The survey questioned 3,000 people over the age of 18 across all states and regions between March 9 and April 1, 2017 on their views about their socio-economic status, political and security situations of the country, the democratic transition and rights, and perceptions of government, legislature, political parties and the media.
Only 24 percent of respondents said democratic reform was more important than economic development while another 11 percent described democratic reform as moderately important.
Forty percent of respondents thought the economy was more important than democracy.
IRI Asia Senior Advisor Johanna Kao said the survey intended to highlight what the government and political parties should do in the months ahead based on public opinion.
According to the survey, economy is the biggest concern of the people, followed by peace and resolving conflicts.
Thirty-one percent of the respondents answered that the economy should be a higher priority of the government than resolving conflict.
“Most of the voters will focus on their socio-economic life. They will think about other things only when they enjoy their socio-economic status. They will like and accept a government only when it solves their livelihood problems,” said Rob Varsalone of Global Strategic Partners who supervised the survey.

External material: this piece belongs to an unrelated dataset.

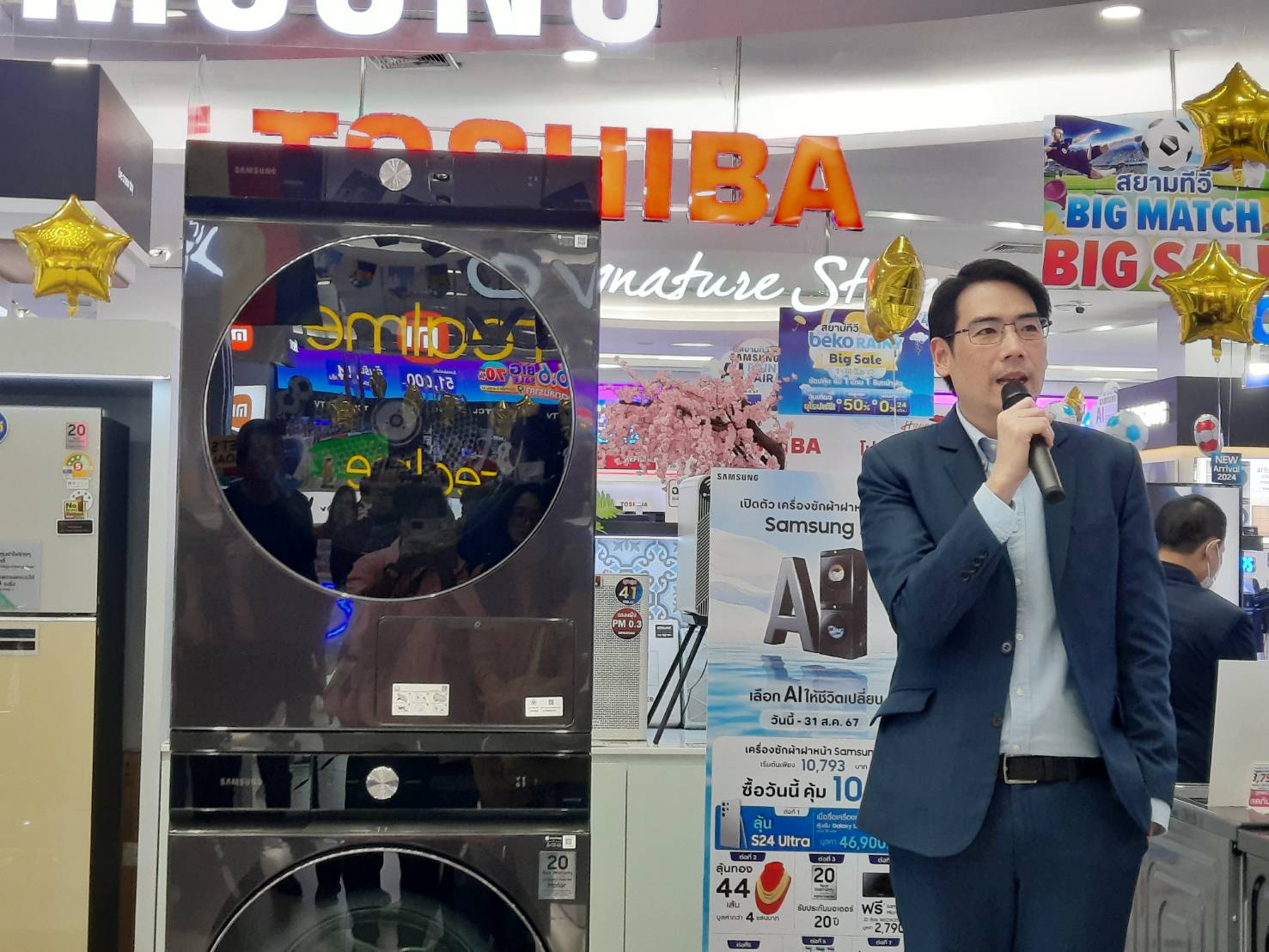 คุณเริงบุญ คล่องคำนวนการ ตำแหน่ง ผู้อำนวยการธุรกิจ เครื่องใช้ไฟฟ้าในบ้าน บริษัท ไทยซัมซุง อิเลคโทรนิคส์ จำกัด เปิดเผยว่า หลังประกาศเดินหน้าชูการใช้พลัง AI ปลดล็อกประสบการณ์และนวัตกรรมแห่งอนาคตในทุกกลุ่มธุรกิจของซัมซุง ภายใต้วิสัยทัศน์ “Lead Future of AI Innovation” เพื่อยกระดับคุณภาพชีวิตและเป็นความเป็นอยู่ของทุกคนให้ดียิ่งขึ้นในทุกมิติ พร้อมผลักดันให้คนไทยสามารถเข้าถึงเทคโนโลยี AI บนอุปกรณ์เครื่องใช้ต่าง ๆ ในชีวิตประจำวันได้มากขึ้น ล่าสุดซัมซุงเปิดตัวแคมเปญใหม่ “Let AI Gens Your Life” มุ่งยกระดับประสบการณ์การซักและอบผ้า ด้วยเทคโนโลยี AI ที่จะช่วยปฏิวัติการซักผ้ายุคใหม่ให้ว้าวกว่าเดิม พร้อมตอบโจทย์การใช้งานในช่วงหน้าฝนของคนไทย ผ่านฟังก์ชันการใช้งานสุดล้ำ ได้แก่

The majority of the respondents were optimistic about Myanmar’s economy with 53 percent answering that it was doing well, while 22 percent said it was doing badly.
“It is important to assess those figures based on demographics rather than believing the figures as they are,” said U Tin Maung Oo of the Former Political Prisoner Society.
He pointed out the survey did not touch upon issues concerning the military.
IRI, a US-based non-profit organization promoting democracy worldwide, conducted its first survey in Myanmar in 2014.
The organization operates in 85 countries around the world.